Hazardous chemicals in high quantity were detected in many children's plastic footwear in a Consumer Council test on 28 models of casual footwear, slippers and rain boots.

The chemicals were identified to consist of the plasticizer phthalates and polycyclic aromatic hydrocarbons (PAHs), both of which may have adverse effect on health.

Certain phthalates and PAHs have been shown to cause damage to the liver and kidney in experimental animals while benzo[a]pyrene (BaP), a PAH, is carcinogenic to humans.

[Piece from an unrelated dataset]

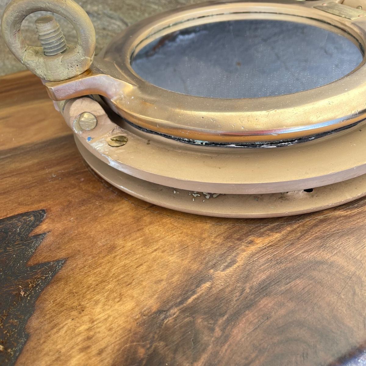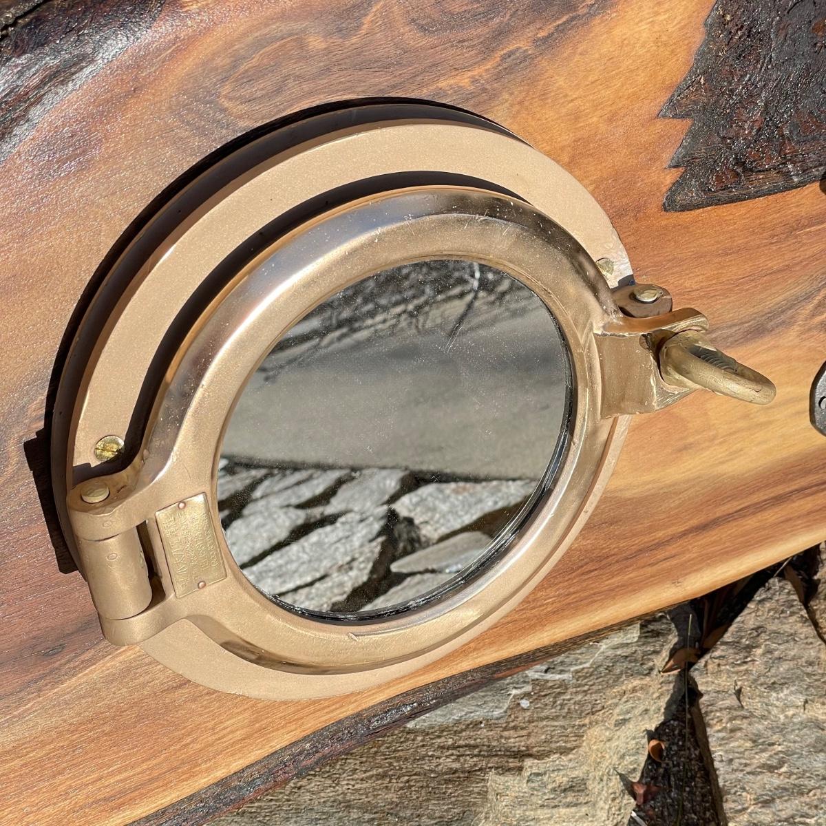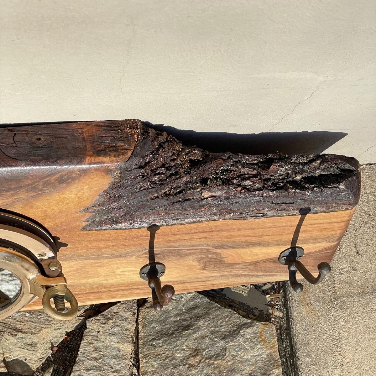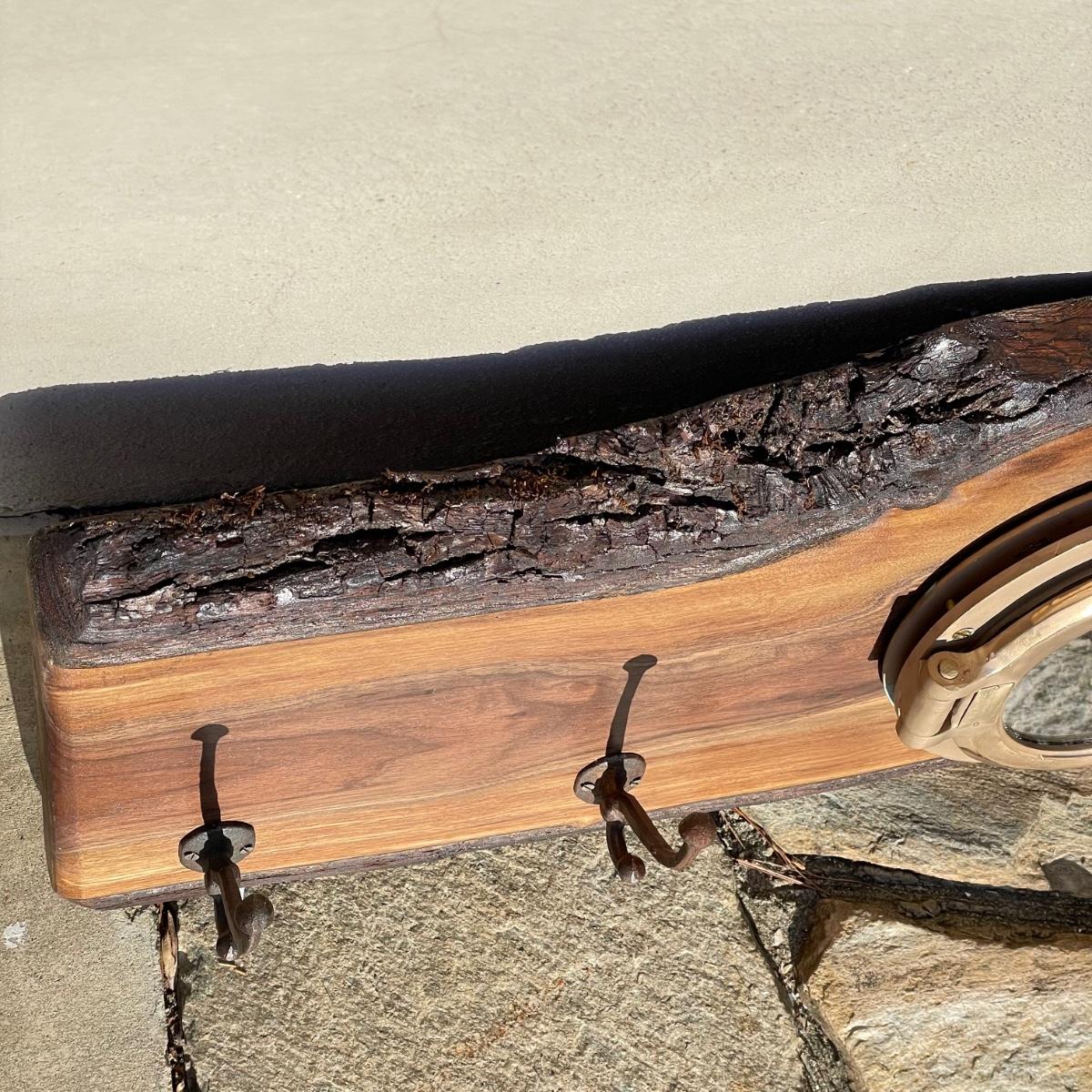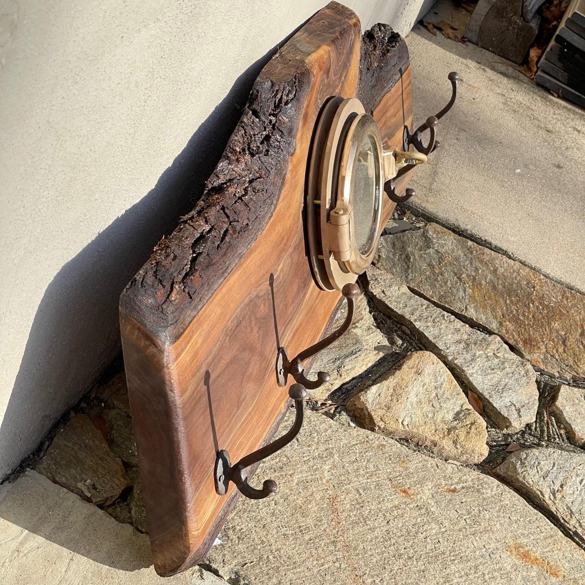 Stunning hand crafted live edge hook with mirrored port hole window. Piece is very heavy and will need to be anchored well into a wall. The mirror is an upcycled port hole window and the piece has four cast iron hooks. This piece measures 41” x 14.5”, the hooks reach out about 5”. See images. Local pick up only.

At present, there is no regulatory control in respect of phthalates nor PAHs content in children's footwear or footwear products in Hong Kong.

Regulatory control of phthalates content in footwear is currently in force in Turkey for imported footwear, and in the State of California in the USA for accessible components of footwear products and other consumer goods. The permissible limit is set at 0.1%.

Out of the 28 samples, more than half (15) - 5 casual footwear, 4 slippers and 6 rain boots - were detected with quantities of phthalates (i.e. DBP, DEHP and DINP) higher than the limit of 0.1%.

The levels of phthalates detected in the test were a cause for concern. For instance, the highest amount of a particular phthalate present in 12 models reached 15.2% to 43.3% - way over and above the stipulated 0.1% level.

In general, phthalates cannot be absorbed effectively through human skin. Nonetheless, children may come to ingest phthalates indirectly through hands brought to the mouth or food after touching the footwear. Phthalates may also be released and become attached to dust, resulting in possible inhalation of contaminated house dust, and consumption of contaminated food or water.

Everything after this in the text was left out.